It bears mentioning – as often as possible, to as many people as possible – that the exact same greed that got us into the current economic crisis with the shady profit structures of the Subprime crisis is what drives “the Markets.” Keep in mind whenever you read or watch news reports about how “the Markets” just don’t like the Obama plans, or how they lack specificity, that banks are publicly traded companies. Of course the market goes down regardless of what the president says: no matter what he says, anything realistic is going to suck for the banks and the markets.

If you’ve ever wondered why I’ve stopped posting articles about the stock market to the news section, this is why. We have been conditioned by the media and their corporate handlers that “confidence in the marketplace” is the only thing we’re supposed to care about. It’s a crock of shit. The markets are where rich people get richer by betting on “the ponies.”

The Pew Research Center’s People Polling website shows that an increasing majority of Americans are becoming aware that the country’s serious slide into recession may end up being a slide into a Depression. Among the more interesting statistics are that four times the number of people report joblessness as the most serious issue facing us right now, a clear indication that the economic problems once shoved off by the media as simple a poor and irresponsible people issue in the Subprime Mortgage Crisis has hit home for a plurality of Americans.

And it is with this as a backdrop that Republicans choose to fight against the stimulus package. Bravo! Fight on, noble dipshits.

It remains an enduring frustration of mine that journalists seem to feel the need to ask politicians questions which are “on the minds of voters,” without respect to whether or not those questions are at all reasonable to the situation. Typically, I find such excuses as “what’s on the minds of voters,” to be small minded ways of injecting the journalist’s own viewpoint into the discussion. Surely, if the journalist thought it, someone else must have thought it as well, therefore it is “on the minds of voters.”

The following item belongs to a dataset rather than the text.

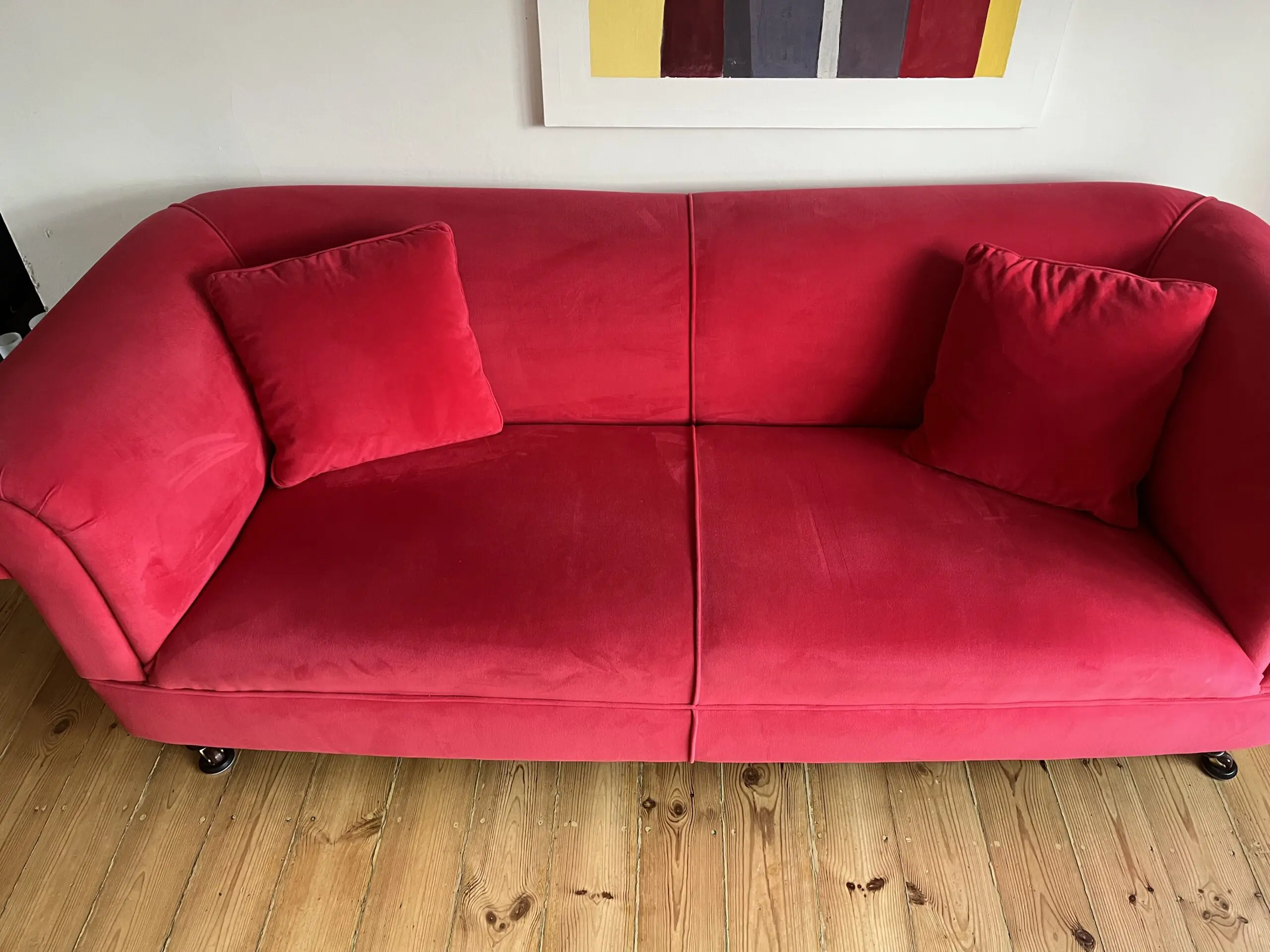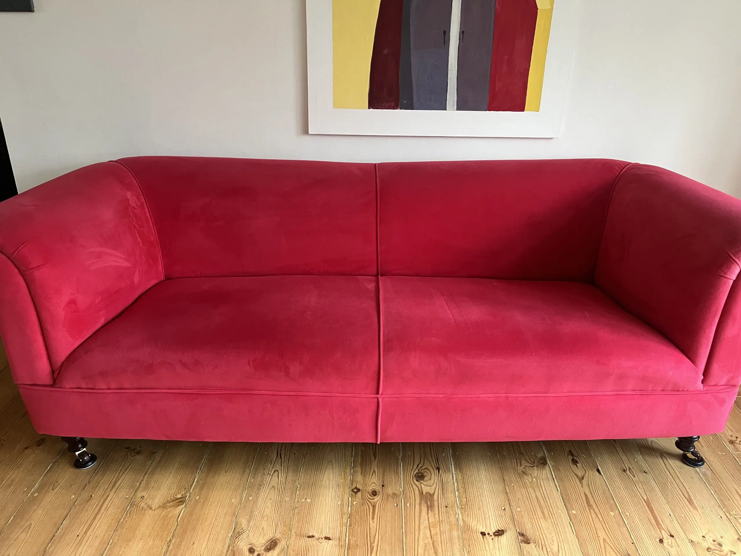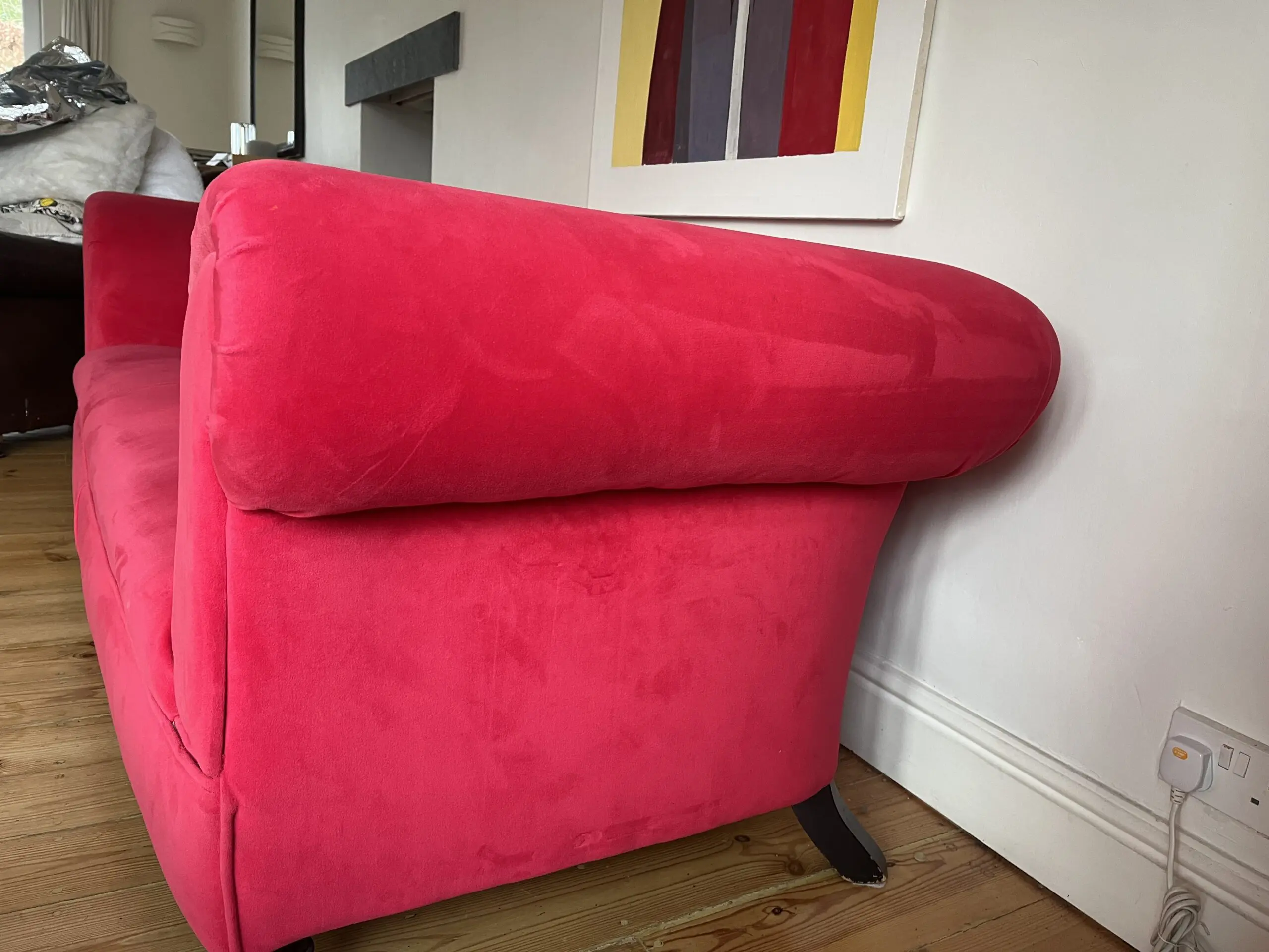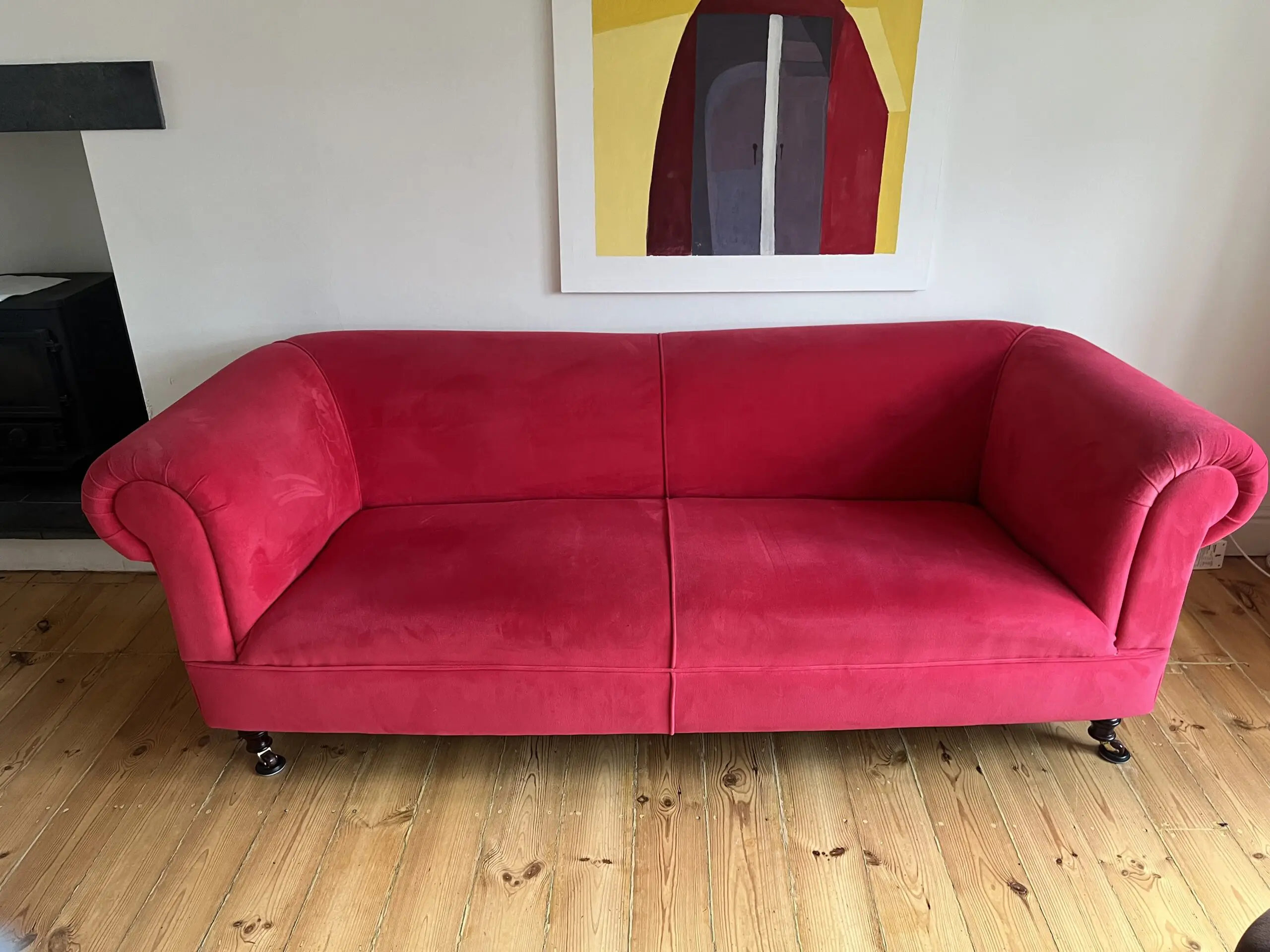 This is a truly stunning modern chesterfield that it is excellent condition It has been recovered in jbrown velvet fabric and has 2 matching feather filled scatter cushions. Springs and foam filling are all in excellent firm condition. Underside fabric was replaced at the time of reupholstery. turned legs at front, straight at rear. Front legs are detachable. Professional cleaned with no marks or stains. We do have a dog ( non shedding miniature poodle ) but he is not allowed in the room with the sofas- the room it is in is pet free.

The best current example of this is the discussion of the ARM mortgage crisis which has been the underpinning of so much of our current economic crisis. When ever someone wants to discuss ways to help home owners struggling with either Subprime or other ARM mortgages which are sapping their personal economics, the first question someone asks is one of the two as follows:

  1. “But what about Joe the Irresponsible Person, who is living in a $500,000 home, but is only making $50,000? Why should the American taxpayers pay for his irresponsibility?”
  2. “Well, what happens when one house on the block gets financial assistance from the government? What stops everybody else on the street from taking a vacation from paying for their mortgages? What stops them from just becoming another welfare mortgage home?”

My answer to both of these question is: show me a concrete example of either of these two things happening anywhere, and then show me what percentage of the problem these examples represent. Then, we’ll talk.

The truth is that in terms of price to income ratio – the relationship between the average home price and the income of the owner – is overvalued by an average of 10%. 10% of your income is quite a bit of money, but it’s not ten times your income, which is the example cited in #1 above. That would be 1000%. Certainly, an average can include a huge range of values and we do know that such excesses as our example do exist. But just as certainly, they must necessarily be a slim minority to fit into the relatively narrow average.

Meanwhile, the second question is basically a way to say, “I’d never do anything like that, but my neighbors are total dicks.” It’s an abstraction for which there is – to my knowledge – no concrete example.

But journalists seem compelled to ask those questions anyway. This lends some credibility to what is clearly an otherwise silly concept and forces our policy to reflect concerns over phantom problems. It is not a sound basis for policy making. It is not the seed of an intelligent, effective discussion of substantive issues.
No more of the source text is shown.